**Exercise goal:**
Lower down are entries containing pictures. Copy exactly, without those pictures, the lines from the line with "Основная часть держателя" through the line with "This beautiful corner".

BEGIN Data supplied

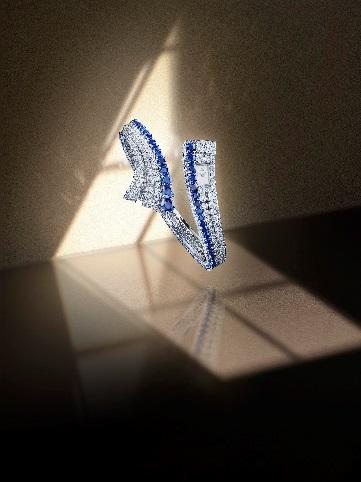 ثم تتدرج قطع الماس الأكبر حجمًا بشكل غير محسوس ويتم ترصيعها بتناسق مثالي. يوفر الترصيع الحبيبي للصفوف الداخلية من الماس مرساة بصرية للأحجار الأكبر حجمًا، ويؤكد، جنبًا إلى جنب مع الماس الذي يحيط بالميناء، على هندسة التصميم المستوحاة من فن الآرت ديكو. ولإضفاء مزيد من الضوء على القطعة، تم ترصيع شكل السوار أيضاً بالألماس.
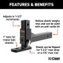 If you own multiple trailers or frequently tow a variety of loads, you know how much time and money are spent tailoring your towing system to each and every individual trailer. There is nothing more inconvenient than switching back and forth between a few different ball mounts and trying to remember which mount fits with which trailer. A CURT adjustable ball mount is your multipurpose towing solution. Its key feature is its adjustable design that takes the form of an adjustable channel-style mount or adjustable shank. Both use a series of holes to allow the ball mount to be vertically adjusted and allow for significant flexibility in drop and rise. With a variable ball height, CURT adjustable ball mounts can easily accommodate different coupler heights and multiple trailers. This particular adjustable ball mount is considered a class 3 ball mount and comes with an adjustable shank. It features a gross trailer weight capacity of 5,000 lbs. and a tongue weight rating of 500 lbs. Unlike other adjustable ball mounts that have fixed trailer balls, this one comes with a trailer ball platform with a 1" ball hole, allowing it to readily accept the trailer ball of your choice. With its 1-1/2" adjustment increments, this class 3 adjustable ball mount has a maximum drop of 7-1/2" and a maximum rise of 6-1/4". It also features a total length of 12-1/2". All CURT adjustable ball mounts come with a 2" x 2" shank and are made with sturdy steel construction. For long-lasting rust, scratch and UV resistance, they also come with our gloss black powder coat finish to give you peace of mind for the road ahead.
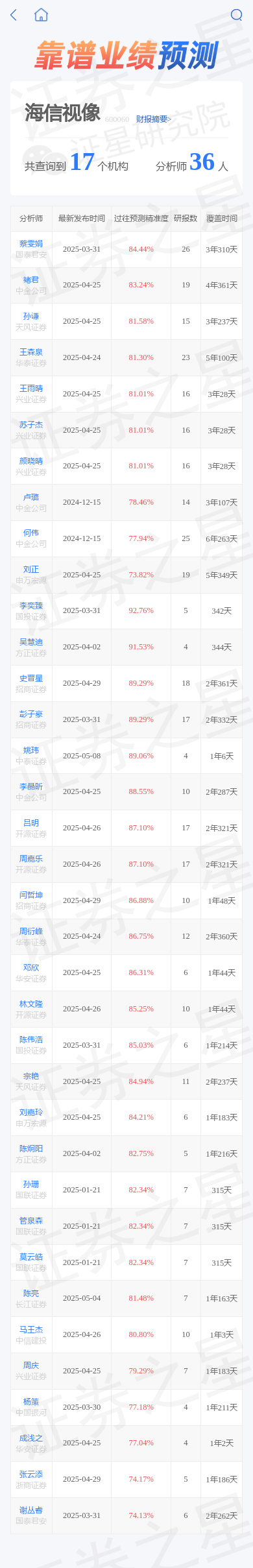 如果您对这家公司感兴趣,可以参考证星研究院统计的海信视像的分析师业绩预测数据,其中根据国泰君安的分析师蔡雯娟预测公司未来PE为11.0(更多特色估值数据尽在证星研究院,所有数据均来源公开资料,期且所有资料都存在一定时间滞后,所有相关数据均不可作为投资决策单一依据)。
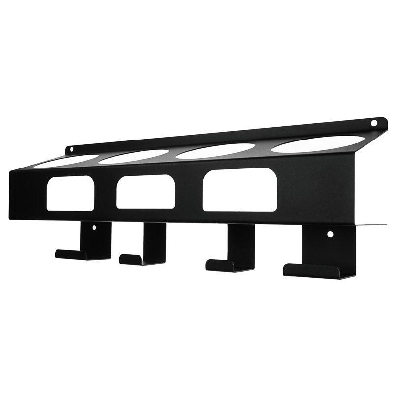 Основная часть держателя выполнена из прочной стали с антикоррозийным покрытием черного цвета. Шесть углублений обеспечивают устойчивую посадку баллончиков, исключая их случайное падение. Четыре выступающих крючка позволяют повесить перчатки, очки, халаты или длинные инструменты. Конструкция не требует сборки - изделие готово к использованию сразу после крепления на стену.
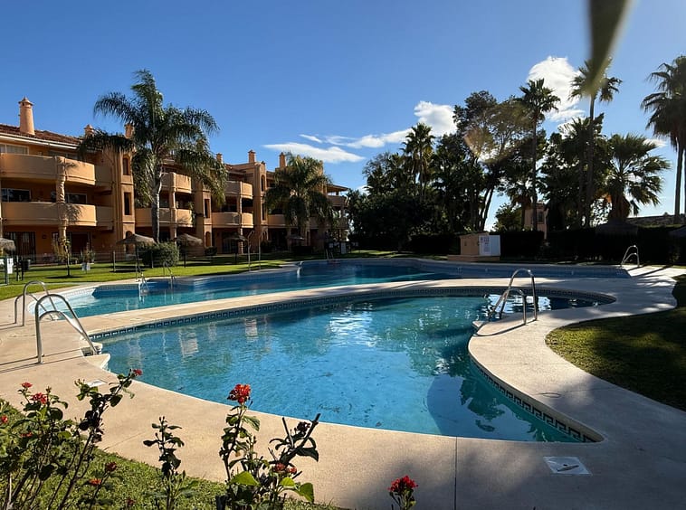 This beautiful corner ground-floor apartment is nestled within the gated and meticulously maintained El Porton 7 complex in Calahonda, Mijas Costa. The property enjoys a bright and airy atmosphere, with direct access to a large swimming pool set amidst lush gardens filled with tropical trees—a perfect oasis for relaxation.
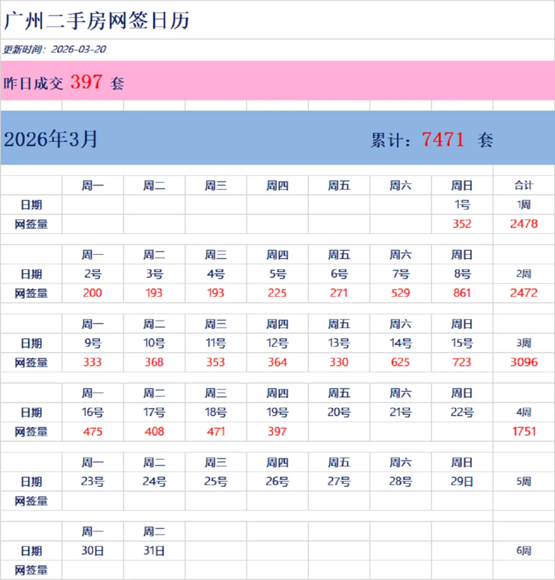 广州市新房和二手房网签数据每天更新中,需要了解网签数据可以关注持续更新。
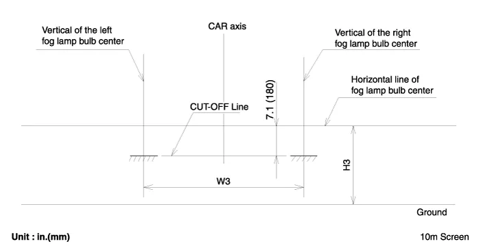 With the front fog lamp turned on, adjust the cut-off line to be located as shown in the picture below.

END Data supplied

**Solution for this problem:**
 Основная часть держателя выполнена из прочной стали с антикоррозийным покрытием черного цвета. Шесть углублений обеспечивают устойчивую посадку баллончиков, исключая их случайное падение. Четыре выступающих крючка позволяют повесить перчатки, очки, халаты или длинные инструменты. Конструкция не требует сборки - изделие готово к использованию сразу после крепления на стену.
 This beautiful corner ground-floor apartment is nestled within the gated and meticulously maintained El Porton 7 complex in Calahonda, Mijas Costa. The property enjoys a bright and airy atmosphere, with direct access to a large swimming pool set amidst lush gardens filled with tropical trees—a perfect oasis for relaxation.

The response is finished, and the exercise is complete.